PALO ALTO, CALIF. — Singapore injection molder First Engineering Ltd. this month is beginning to produce a plastic container in which Maxell Corp. of America will bundle different storage products.
A joint venture of Speck Product Design Inc. and First Engineering will produce the line of portable Bandit-brand media storage containers, initially supplying Maxell with 100,000 units a month for each of three products.
First Engineering made final design changes to the beryllium-copper insert tooling in late December and will mold the container of Montell copolymer polypropylene, according to J.R. Ong, First Engineering general manager.
Speck designer Josh Ferguson generated the unusual living hinge concept in April.

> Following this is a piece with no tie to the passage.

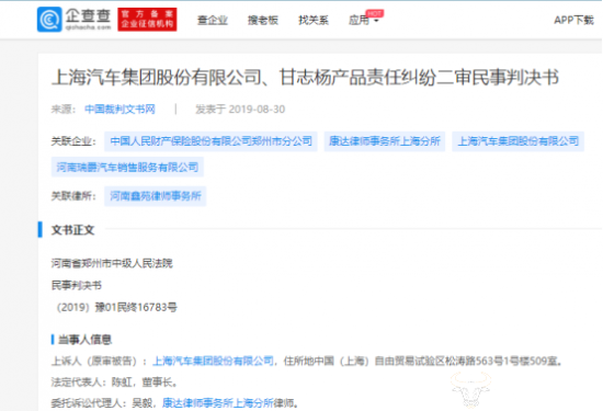 不过,8月27日,二审判决书下达,驳回上汽集团请求,上汽集团还要承担3000多元的审理费。

Critical manufacturing factors include controlling hinge thickness and maintaining a minimal draft on fins to reduce a trapezoidal effect. Founding partner Craig Janik said Bandit prototypes are more functional than an inflexible high-impact polystyrene container now in use.
Speck worked with GLS Corp.'s thermoplastic elastomers division of McHenry, Ill., to select Dynaflex G2706, a soft TPE, for the closing band.

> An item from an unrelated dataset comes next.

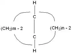 Quando há apenas dois substituintes diferentes, utiliza-se a notação cis e trans. O isômero com ambos os substituintes no mesmo lado são chamados de cis, enquanto que o isômero com substituintes opostos são denominados trans.[6]

``The band must stretch almost 50 percent,'' Janik said in an interview at his Palo Alto office.
Idea Tooling and Engineering of Carson, Calif., injection molded the first bands.
Speck's ownership of the intellectual property and its venture with First Engineering ``allows us to get the maximum [return] from our product'' and more than a licensing arrangement, Janik said.
Janik and three partners formed Speck in January 1996. The firm employs 10 and had 1998 sales of $1.4 million for design services, mostly dealing with mechanical innovation and invention.
First Engineering, formed in 1980, operates seven plants in Singapore, Malaysia and China. The publicly traded firm makes high-precision tools and operates 150 injection molding machines in clean room environments.